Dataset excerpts
•••••

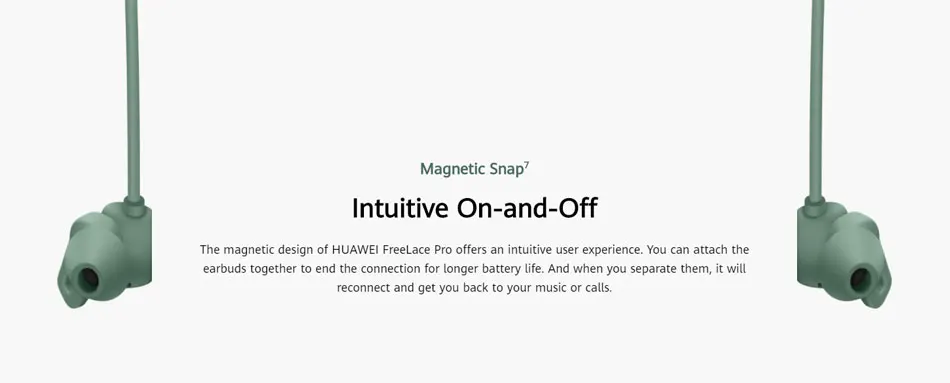 El diseño magnético de HUAWEI FreeLace Pro ofrece una experiencia de usuario intuitiva. Puede conectar los auriculares juntos para finalizar la conexión para una mayor duración de la batería. Y cuando los separe, se volverá a conectar y volverá a su música o llamadas.
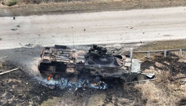 Також Сили оборони України знищили 9109 (+12) російських танків, бойових броньованих машин ‒ 18332 (+45), артилерійських систем – 19782 (+29), РСЗВ – 1240 (+2), засобів ППО ‒ 984 (+2), літаків – 369 (+0), гелікоптерів – 329 (+0), БПЛА оперативно-тактичного рівня – 17726 (+56), крилатих ракет ‒ 2625 (+0), кораблів / катерів ‒ 28 (+0), підводних човнів ‒ 1 (+0), автомобільної техніки та автоцистерн – 27460 (+95), спеціальної техніки ‒ 3541 (+6).
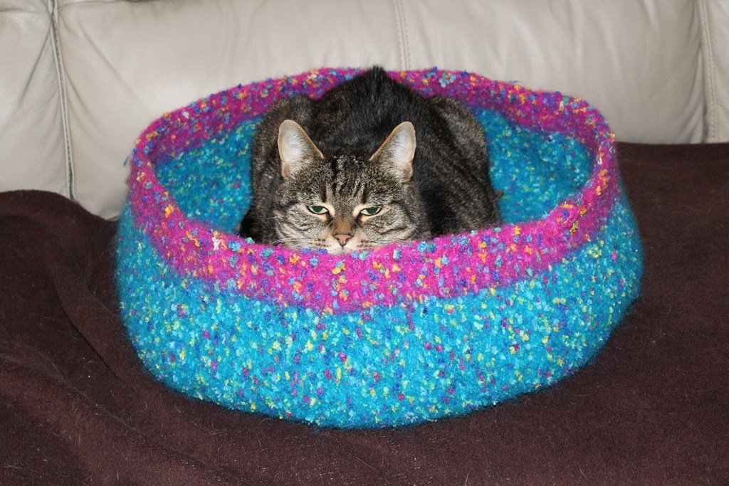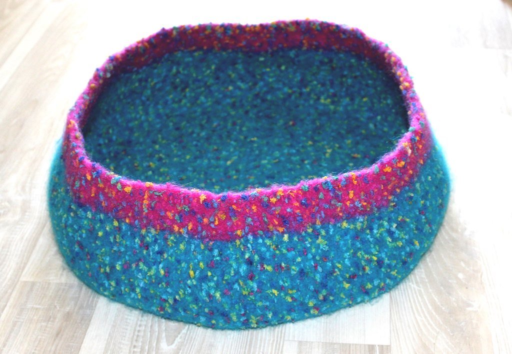Katzenkorb, Katzenbett, Hundekorb, Hundebett - gestrickt und in der Waschmaschine gefilzt
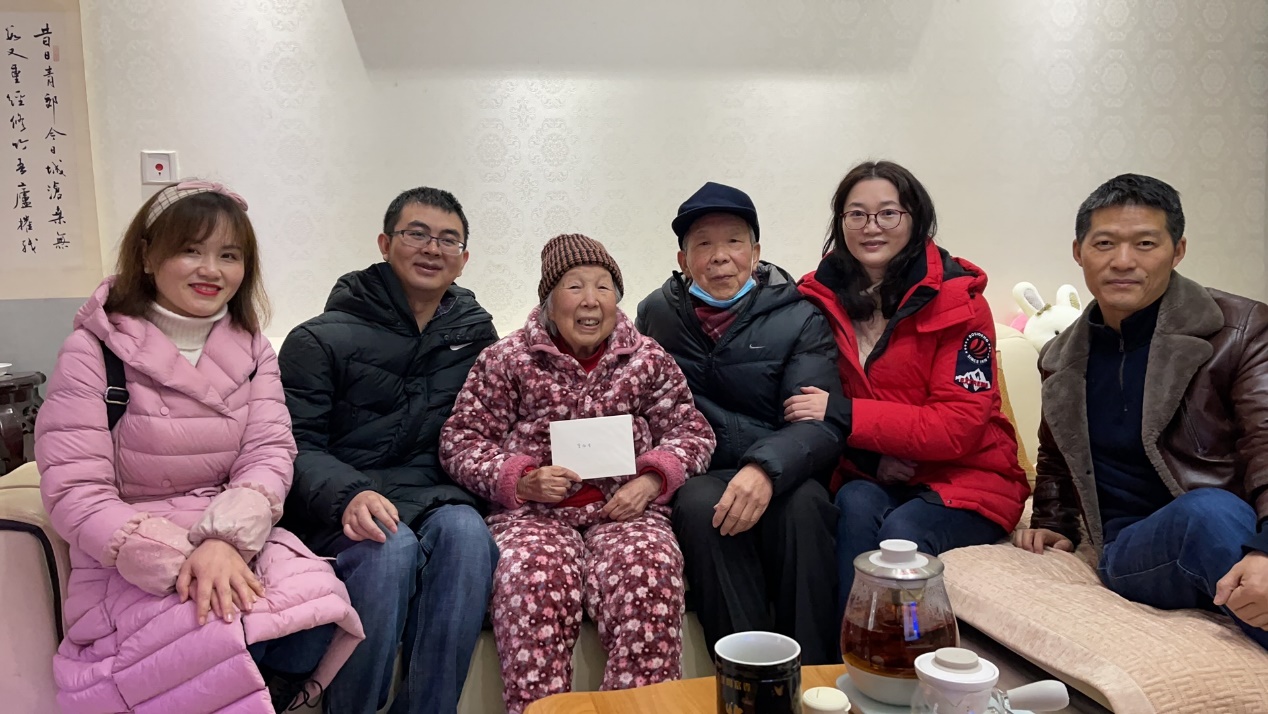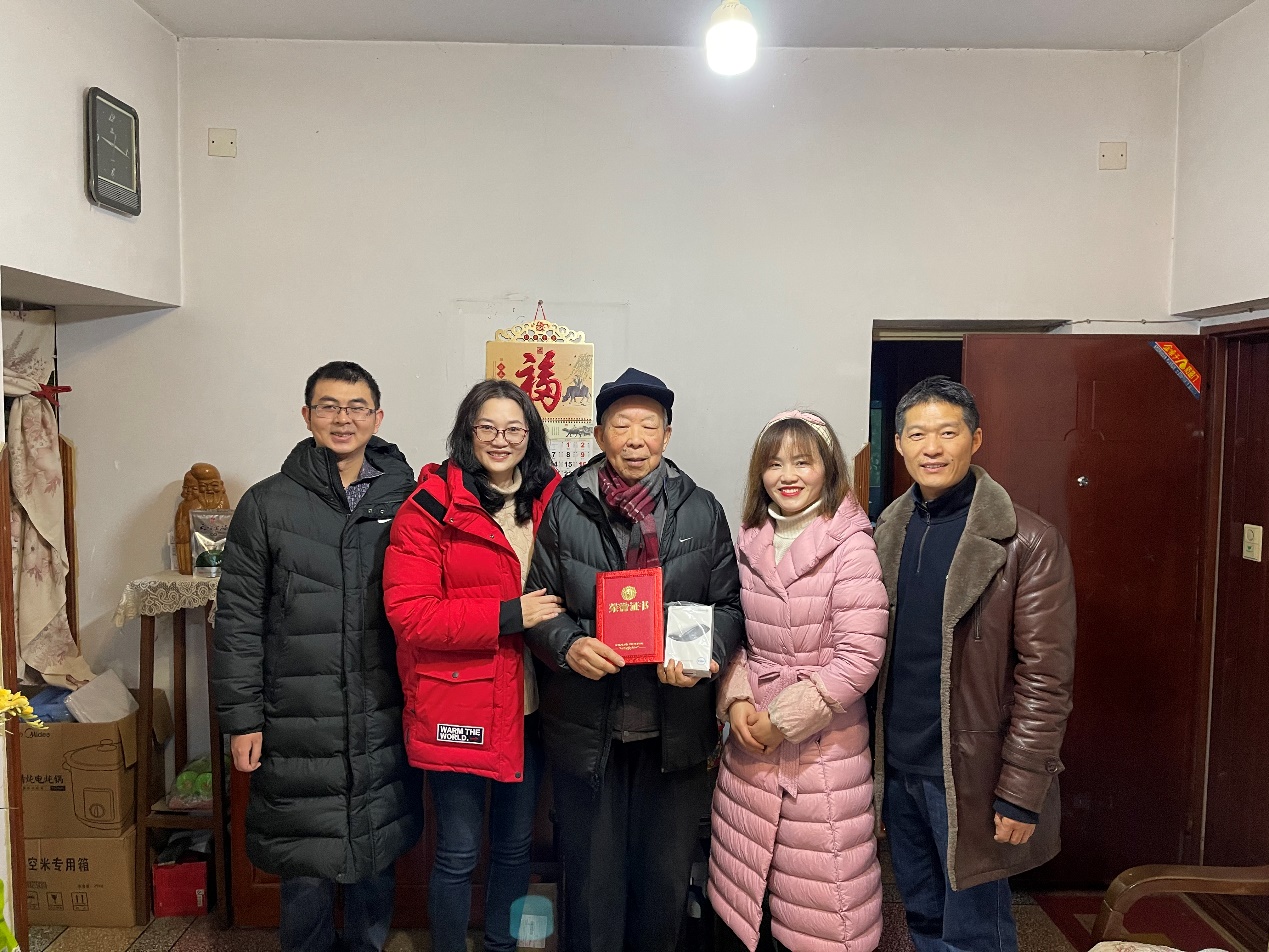随后在余老师的热情陪同下,慰问小组一行先后来到另外5位在渝高龄盟员的家中,向各位前辈汇报了近期的工作,并向他们及其家人提前致以新春的祝福。在外国语学院96岁的徐炳炀老师家中,他和余老师一起共同回忆了在外国语学院工作时的峥嵘岁月,两人还分别用俄语、英语进行了饶有兴致的交流;音乐学院92岁的范绍台老师在退休后仍坚持每天拉小提琴陶冶情操;文学院93岁的李淑清老师和音乐学院99岁的熊镜蓉老师仍关心、惦记着组织的发展工作;教育学部102岁高龄的李林静老师一家展现出的母慈子孝、其乐融融的温暖大家庭景象更是让大家称羡不已。
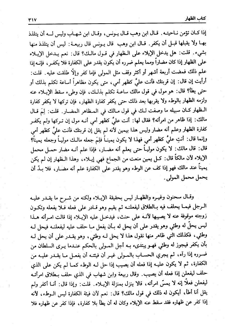 وَقَالَ سَحْنُونٌ وَغَيْرُهُ: وَالظِّهَارُ لَيْسَ بِحَقِيقَةِ الْإِيلَاءِ وَلَكِنَّهُ مِنْ شَرْحِ مَا يَقْدِرُ عَلَيْهِ الرَّجُلُ فِيمَا يَحْلِفُ فِيهِ بِالطَّلَاقِ لَيَفْعَلَنَّهُ، ثُمَّ يُقِيمُ وَهُوَ قَادِرٌ عَلَى فِعْلِهِ فَلَا يَفْعَلُهُ وَتَكُونُ زَوْجَتُهُ مَوْقُوفَةً عَنْهُ لَا يُصِيبُهَا لِأَنَّهُ عَلَى حِنْثٍ، فَيَدْخُلُ عَلَيْهِ الْإِيلَاءُ إذَا قَالَتْ امْرَأَتُهُ هَذَا لَيْسَ يَحِلُّ لَهُ وَطْئِي وَهُوَ يَقْدِرُ عَلَى أَنْ يَحِلَّ لَهُ بِأَنْ يَفْعَلَ مَا حَلَفَ عَلَيْهِ لَيَفْعَلَنَّهُ فَيَحِلُّ لَهُ وَطْئِي، فَكَذَلِكَ الَّتِي ظَاهَرَ مِنْهَا تَقُولُ هَذَا لَا يَحِلُّ لَهُ وَطْئِي، وَهُوَ يَقْدِرُ عَلَى أَنْ يَحِلَّ لَهُ بِأَنْ يُكَفِّرَ فَيَجُوزَ لَهُ وَطْئِي فَهُوَ يَبْتَدِئُ بِهِ أَجَلَ الْمُولِي بِالْحُكْمِ عِنْدَمَا يَرَى السُّلْطَانُ مِنْ ضَرَرِهِ إذَا رَآهُ، ثُمَّ يَجْرِي الْحِسَابُ بِالْمُولِي غَيْرَ أَنَّ فَيْئَتَهُ أَنْ يَفْعَلَ مَا يَقْدِرُ عَلَيْهِ مِنْ الْكَفَّارَةِ، ثُمَّ لَا يَكُونُ عَلَيْهِ إذَا فَعَلَهُ أَنْ يُصِيبَ إذَا حَلَّ لَهُ الْوَطْءُ كَمَا لَمْ يَكُنْ عَلَى الَّذِي حَلَفَ لَيَفْعَلَنَّ إذَا فَعَلَهُ أَنْ يُصِيبَ.
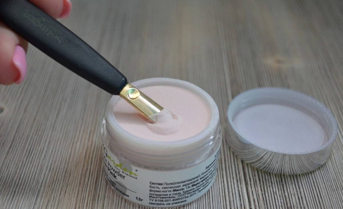 Акриловая масса на приклеиваемые типсы наносится непосредственно после закрепления типсы на ногтевой пластине. А состоит она из акрилового порошка тонкого помола (пудры) и ликвида-мономера.
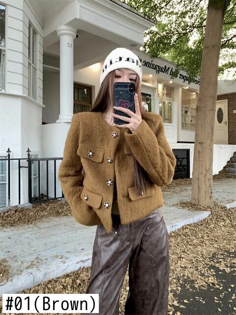 甘いホットガールシングルブレストウールジャケット春 O ネック長袖ショートウールコート ロング 大人ガーリー スウィート キュート カジュアル スプリング 春物 Oネック
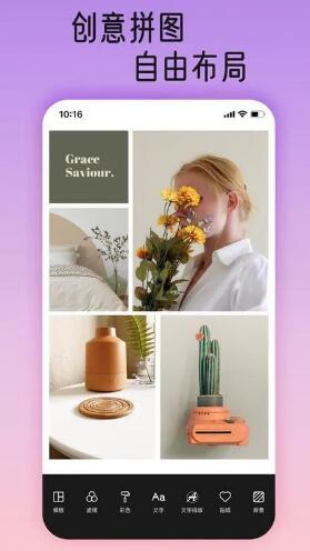 2.你可以在这里轻松合并更多你喜欢的照片,还可以提供各种文字和贴纸。
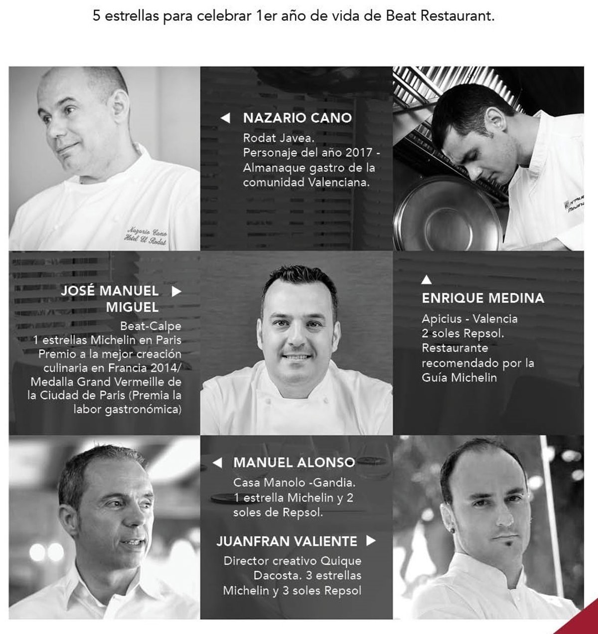 Manuel Alonso, chef del restaurante galardonado con una estrella Michelin 'Casa Manolo' en València; Enrique Medina, de Apicius, con dos soles Repsol también en València; Nazario Cano, del Rodat de Jávea y elegido personaje del Año en 2017 por el almanaque gastro de la Comunitat Valenciana; y, Juanfra Valiente, director creativo del tres estrellas Michelin Quique Dacosta, en Dénia han elaborado junto a Juan Manuel Miguel un menú "a diez manos que podrá disfrutarse por 100 euros por persona con maridaje".

•••••

● Required work
All that is required is the lines from the line containing "Акриловая масса на" through the end of the records above, copied exactly, and none of the pictures.

● Answer to this task
 Акриловая масса на приклеиваемые типсы наносится непосредственно после закрепления типсы на ногтевой пластине. А состоит она из акрилового порошка тонкого помола (пудры) и ликвида-мономера.
 甘いホットガールシングルブレストウールジャケット春 O ネック長袖ショートウールコート ロング 大人ガーリー スウィート キュート カジュアル スプリング 春物 Oネック
 2.你可以在这里轻松合并更多你喜欢的照片,还可以提供各种文字和贴纸。
 Manuel Alonso, chef del restaurante galardonado con una estrella Michelin 'Casa Manolo' en València; Enrique Medina, de Apicius, con dos soles Repsol también en València; Nazario Cano, del Rodat de Jávea y elegido personaje del Año en 2017 por el almanaque gastro de la Comunitat Valenciana; y, Juanfra Valiente, director creativo del tres estrellas Michelin Quique Dacosta, en Dénia han elaborado junto a Juan Manuel Miguel un menú "a diez manos que podrá disfrutarse por 100 euros por persona con maridaje".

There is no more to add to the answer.